◆ WHAT IS REQUIRED ◆
Write the listing out again word for word, skipping each picture.

◆ PROVIDED MATERIAL ◆
----------------

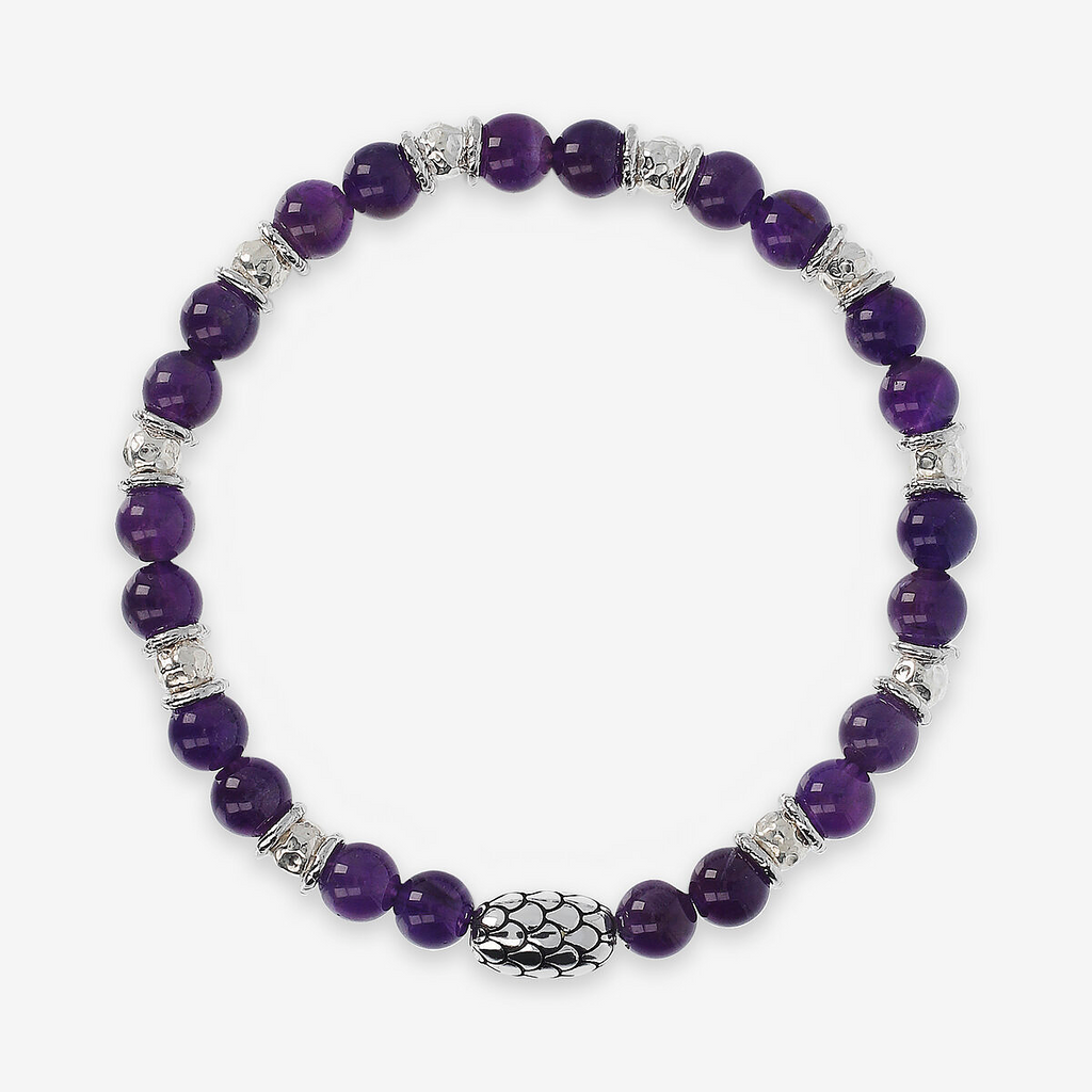 Albert M. unisex elastic bracelet embellished with smooth washers alternating with hammered spheres and faceted natural stones (purple amethyst). The bracelet features an oval element in 925 silver with a mermaid texture. Creation that can be easily worn with any outfit.
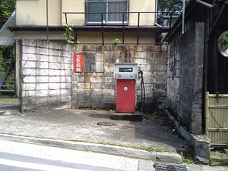 伊豆屋跡の向かいには灯油スタンドが! ブロック塀に薄く出光とあるが・・・。 |
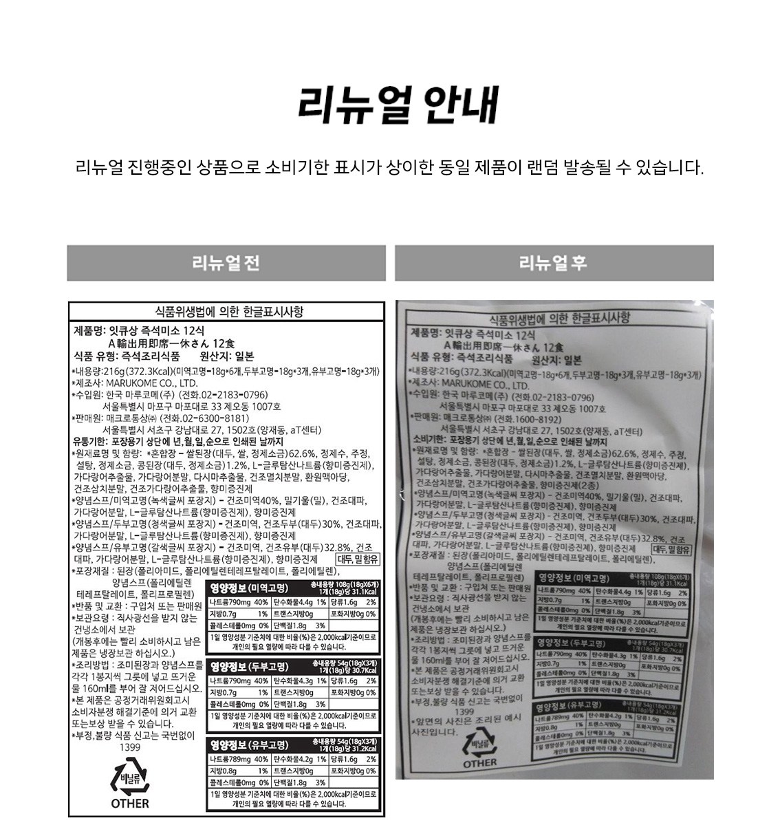 | 제품명 | 마루 잇큐상 12식 216g | 식품의 유형 | 즉석조리식품 |
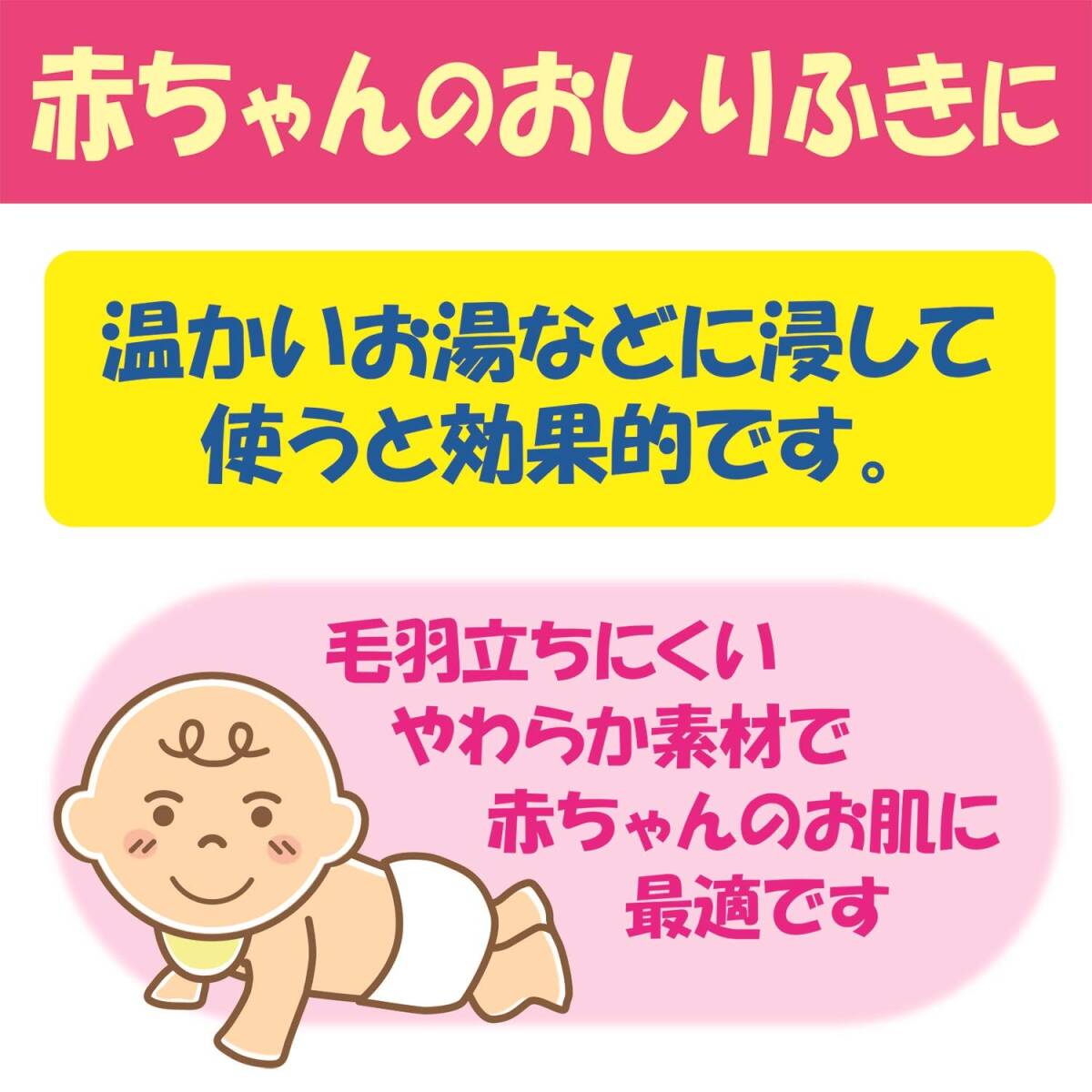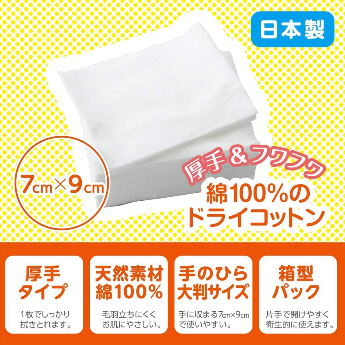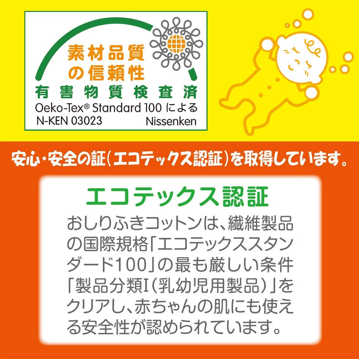説明 商品紹介 ●綿を使った天然繊維で、肌触りの良いコットンです。 ●赤ちゃんのおしりをやさしく拭くことができます。 ●ワンタッチ開閉のパックは、ほこりが入らず衛生的です。 ●基布サイズ:7×9cm(1枚) ●内容量:140枚入 【エコテックス認証とは】 おしりふきコットンは、繊維製品の国際規格「エコテックススタンダード100」の最も厳しい条件「製品分類I(乳幼児用製品)」をクリアし、赤ちゃんの肌にも使えることが認められています。 【使用上の注意】 ●開封後はフタをして、ホコリやゴミ等が入らない様に清潔に保管してください。 ●直射日光の当たる場所や火気を避け、高温・多湿の場所には保管しないでください。 ●水に溶けませんので、トイレ等に流さないでください。 ●お肌に合わない場合は使用を中止してください。 ※綿の表面あるいは内部に、黄色又は黒色の斑点状のものが見られることがありますが、これは綿の実殻ですので、ご使用上問題はありません。 より お肌がデリケートな赤ちゃんに おむつかぶれなどがひどい場合、おむつ交換の時に綿100%のコットンのご使用をお勧めします。ぬるま湯で浸してから軽くしぼって拭き取って下さい。おしりふきコットンは毛羽立ちの少ない特殊加工を施しており、脱落繊維がお肌に付きにくい。 使いやすい大きさにカット 赤ちゃんのおしりを拭くのに最適な大きさ7cm×9cmにカットしており、扱いやすくなっています。厚手タイプでしっかり拭き取れます。 ワンタッチ開閉の取り出しMパック パッケージはワンタッチで開閉するMパックを採用していますので、サッとコットンが取り出せて使用後はワンタッチで閉まります。衛生的にコットンを保管できます。

----------------

◆ SOLUTION TO THIS TASK ◆
 Albert M. unisex elastic bracelet embellished with smooth washers alternating with hammered spheres and faceted natural stones (purple amethyst). The bracelet features an oval element in 925 silver with a mermaid texture. Creation that can be easily worn with any outfit.
 伊豆屋跡の向かいには灯油スタンドが! ブロック塀に薄く出光とあるが・・・。 |
 | 제품명 | 마루 잇큐상 12식 216g | 식품의 유형 | 즉석조리식품 |
説明 商品紹介 ●綿を使った天然繊維で、肌触りの良いコットンです。 ●赤ちゃんのおしりをやさしく拭くことができます。 ●ワンタッチ開閉のパックは、ほこりが入らず衛生的です。 ●基布サイズ:7×9cm(1枚) ●内容量:140枚入 【エコテックス認証とは】 おしりふきコットンは、繊維製品の国際規格「エコテックススタンダード100」の最も厳しい条件「製品分類I(乳幼児用製品)」をクリアし、赤ちゃんの肌にも使えることが認められています。 【使用上の注意】 ●開封後はフタをして、ホコリやゴミ等が入らない様に清潔に保管してください。 ●直射日光の当たる場所や火気を避け、高温・多湿の場所には保管しないでください。 ●水に溶けませんので、トイレ等に流さないでください。 ●お肌に合わない場合は使用を中止してください。 ※綿の表面あるいは内部に、黄色又は黒色の斑点状のものが見られることがありますが、これは綿の実殻ですので、ご使用上問題はありません。 より お肌がデリケートな赤ちゃんに おむつかぶれなどがひどい場合、おむつ交換の時に綿100%のコットンのご使用をお勧めします。ぬるま湯で浸してから軽くしぼって拭き取って下さい。おしりふきコットンは毛羽立ちの少ない特殊加工を施しており、脱落繊維がお肌に付きにくい。 使いやすい大きさにカット 赤ちゃんのおしりを拭くのに最適な大きさ7cm×9cmにカットしており、扱いやすくなっています。厚手タイプでしっかり拭き取れます。 ワンタッチ開閉の取り出しMパック パッケージはワンタッチで開閉するMパックを採用していますので、サッとコットンが取り出せて使用後はワンタッチで閉まります。衛生的にコットンを保管できます。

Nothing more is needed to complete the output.